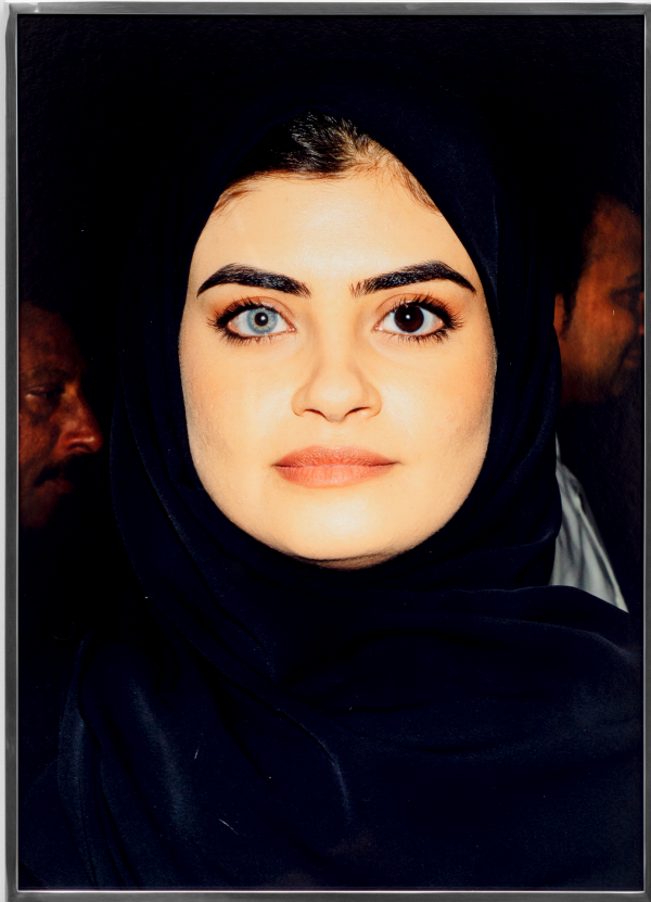
Farah Al Qasimi May's Blue Eye , 2020 Edition 4 of 5 + 2 Archival Inkjet Print 25 x 18 in (63.5 x 45.7 cm) F.AIQasimi0001
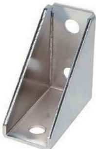
PWB Post Mount Bracket Used to secure cantilever post mount units and free standing shelving units to wall. Sold in a pack of 4. (Mounting Screws are not included)
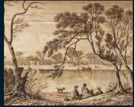
From Mud Bank Botany Bay - mouth of Cooks River 1830 By John Thompson. Collection of the State Library of New South Wales. [DL PXX 31, 2a] (Dixson Library)
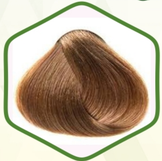
Light Brown Henna
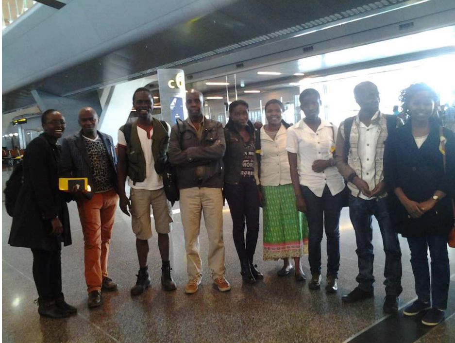
Kenyan student and staff in Doha enroute to Berlin

There were discussions on the possibilities of postgraduate education (practicals, doctoral, MSc theses) and of scholarships through the DAAD or other organisations.
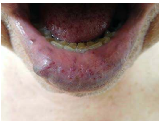
Figure 3 Vascular lesions on the lips of an 85-year-old man with hereditary hemorrhagic telangiectasia.

Pulmonary AVMs develop in 15%–50% of patients. The patients are usually asymptomatic. Lung AVMs cause right-to-left shunting, which cause an array of possible symptoms
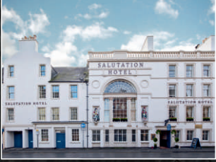
Salutation Hotel Perth
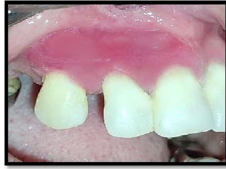
Fig.7. After 3 months
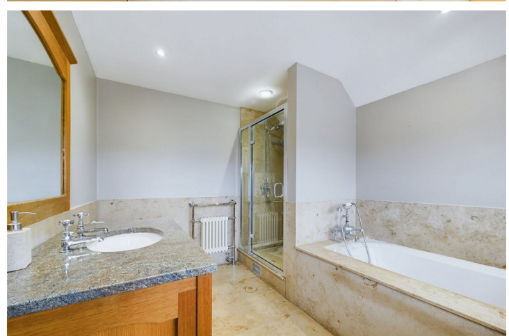
Property details: Rosegarth | Allendale Avenue | Findon Valley | BN14 0AH
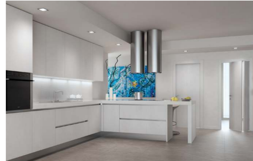
Italian contemporary style
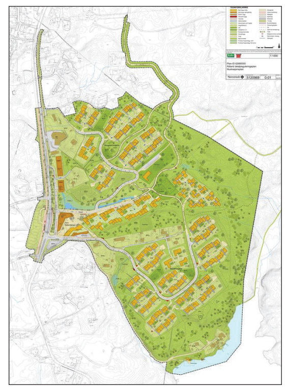
Figure 2: Illustration plan for Zero Village Bergen*

i.e. the actors' interactions are seen along the three axes: (1) informal-formal, (2) for profit-non-profit and (3) public-private. Similar to the quadruple helix, actors are structured in four actor categories; 1. State; 2. Market; 3. Community; 4. Third sector, which universities/academia belong to. A rationale behind the choice of MaP is its deep attention to the role and power of the university as a social entrepreneurial and cooperative organization, conceptualizing an intermediary between the three others [8] In this model, sectors are not fixed entities, indeed the boundaries between them are contested, blurring, shifting and permeable[8]. In addition, an actor can be a person, organization, or a collective of persons and organizations, which is able to act [8, 9].
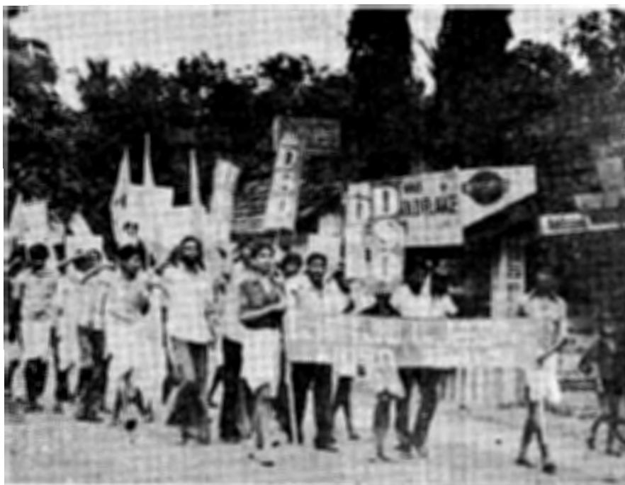
AIDSO organises rally against the Central Education bill in Kerala
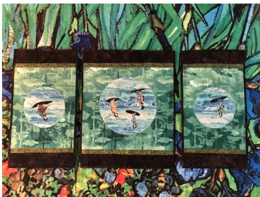
Center 18"x22". Side pieces 12"@x22"

I completed a set of small quilts featuring surfing geisha.
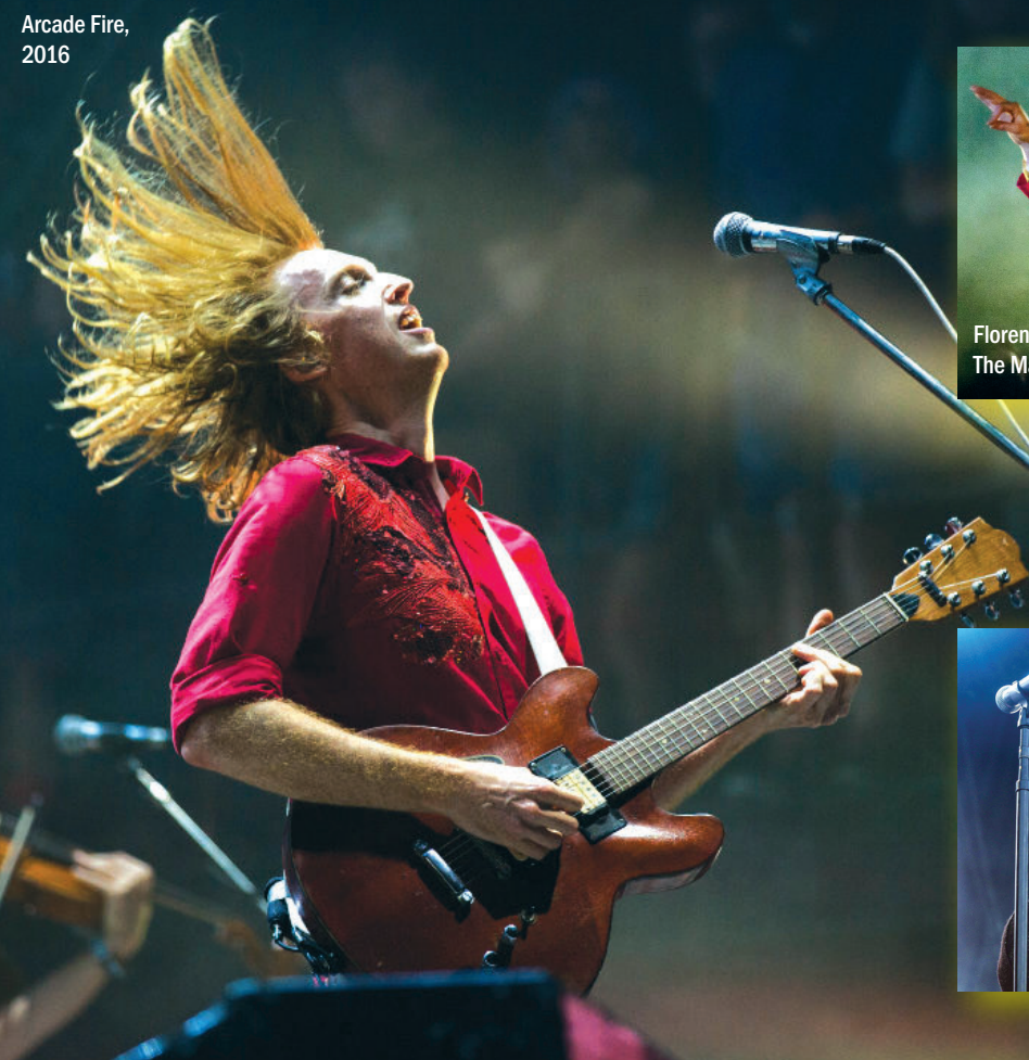
Arcade Fire, 2016

Voodoo Festival — birthed in 1999 as a small festival with even smaller crowds — has become one of the must-be-at festivals every year at Halloween.
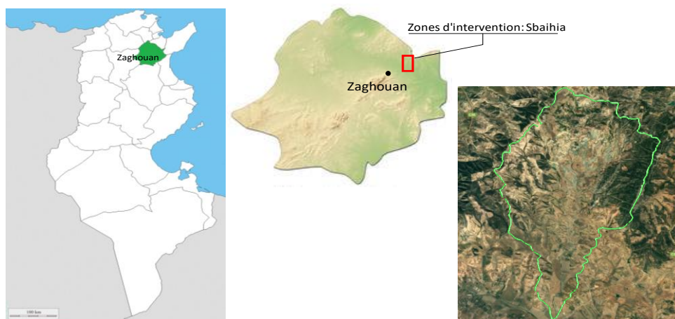
Figure 1: The geographical location of the Oued Sbaihia watershed at the governorate of Zaghouen, Tunisia

Zaghouan governorate is located on the eastern slope of Mount Zaghouan and dominates a vast agricultural plain (Figure 1). The Oued Sbaihia watershed is administratively attached to the Zaghouan delegation. This area is on the ridge of the Tell Atlas. The area is located in the semi-arid bioclimatic floor. The latitude to the right of the site is 36G41 'while the longitude is 10G19'. The examination of the temperature data showed the variation of the temperatures recorded during the year 2018, which vary between 37.8°C in July, and 6°C in February (FAO, 2011).
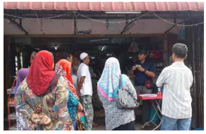
Recipients listening to a briefing session by a MyKasih officer.
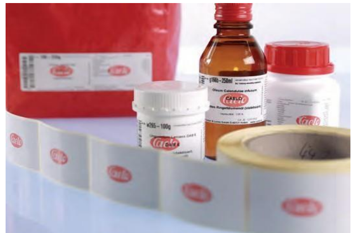
Self-adhesive pre-printed label for health products
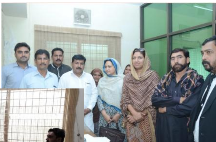
Facilitation Committee Meeting with Deputy Director Social Security Sheikhupura

For registration of workers project staff organized many meetings with Punjab employees Institution during reporting year 2017. Registration in social security
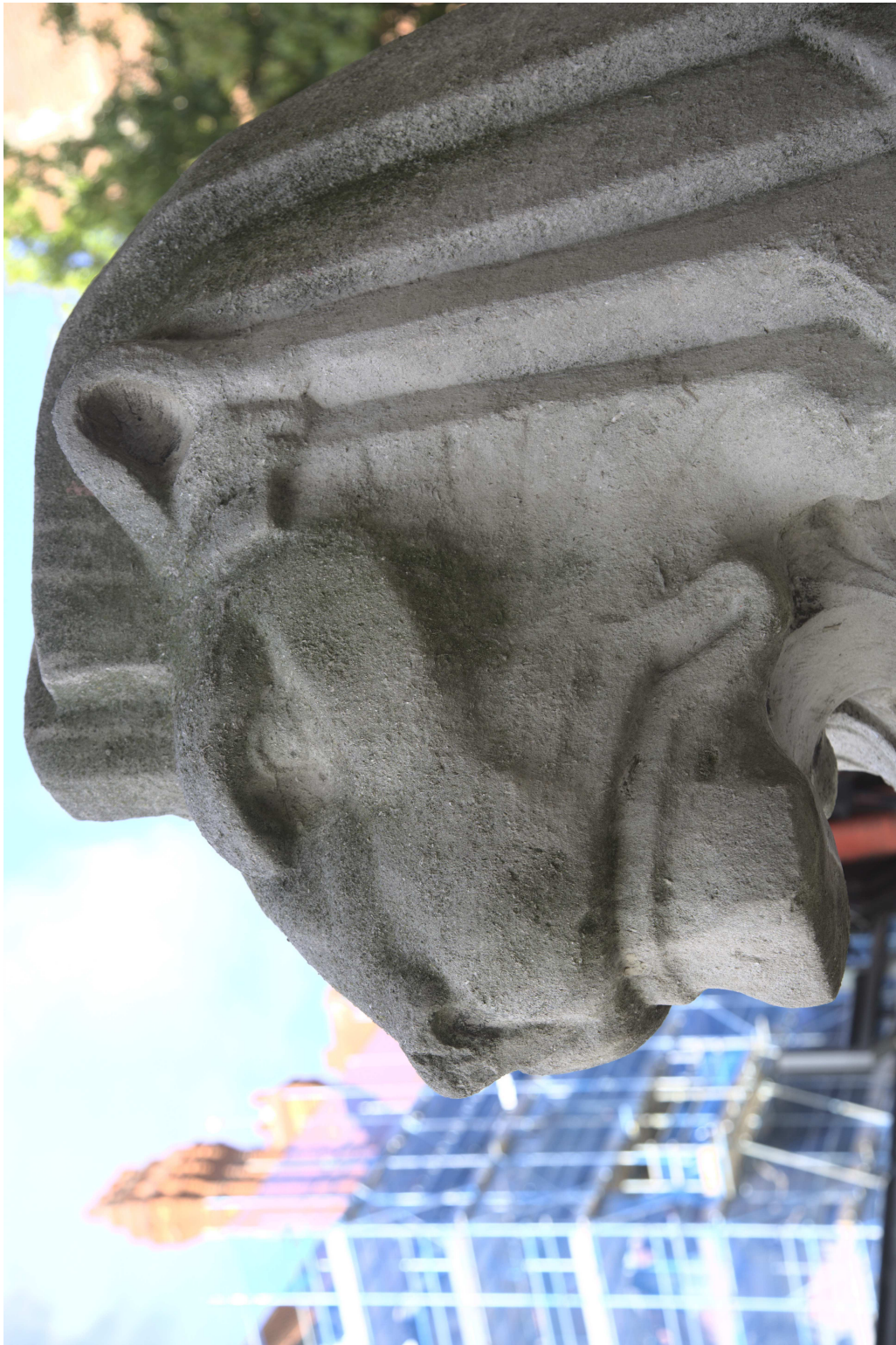
F47B5397 - Lion's head.
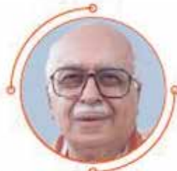
Lal Krishna Advani 1986 to 1990, 1993 to 1998 and 2004 to 2005

TASK REQUIREMENTS >> Copy exactly, please, the lines that run from the line holding "For registration of" through the closing line of the material above, omitting every picture.

RESPONSE TO THE EXERCISE >>
For registration of workers project staff organized many meetings with Punjab employees Institution during reporting year 2017. Registration in social security
F47B5397 - Lion's head.
Lal Krishna Advani 1986 to 1990, 1993 to 1998 and 2004 to 2005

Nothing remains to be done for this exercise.